E há lições a retirar deste verão quente? Xavier Viegas acha que sim. Elogia a resposta do sistema de socorro, recordando como em 2003 e 2005 se instalou um clima de mal–estar da população para com os bombeiros, o que não sucedeu este ano, mesmo com as vítimas dos incêndios onde o socorro não conseguiu chegar. “O problema está na pouca consciência das pessoas que fazem fogo no meio de verão, em dias críticos no meio da floresta”, refere, defendendo que “seja feita alguma coisa” junto da população que permita preparar as várias comunidades para enfrentarem uma situação de catástrofe.

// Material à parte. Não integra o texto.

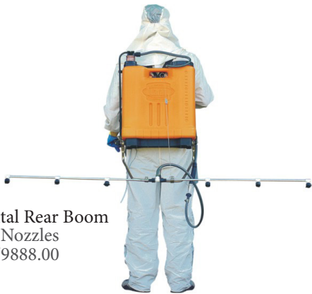
Horizontal Rear Boom 6 Nozzles U9888.00

Isto é, além de evitar comportamentos de risco, limpando florestas e criando faixas de contenção, este especialista defende que os próprios moradores deverão estar sensibilizados para a entreajuda, a fim de minimizarem alguns dos casos mais graves ocorridos este ano. “Custa a perceber como é que o fogo surpreende o Funchal, entra na cidade e mata três pessoas”, exemplifica.
Já para os bombeiros, a explicação para a quantidade de área ardida deve ser tripartida entre os ciclos naturais do crescimento das espécies arbóreas, o desordenamento da floresta e o abandono dos terrenos agrícolas.
“Hoje temos o grande flagelo do interface urbano-florestal, que foi o que ardeu mais e a onde a Madeira é um caso flagrante”, diz o presidente da APBV. Por isso Marta Soares assume que o diagnóstico está feito, mas diz que “não se tem combatido a doença”, lamentando que a floresta continue por cadastrar. “Tem de ser aplicada a lei do ordenamento do território florestal, para obrigar todos os proprietários e familiares a manter as áreas limpas”, diz.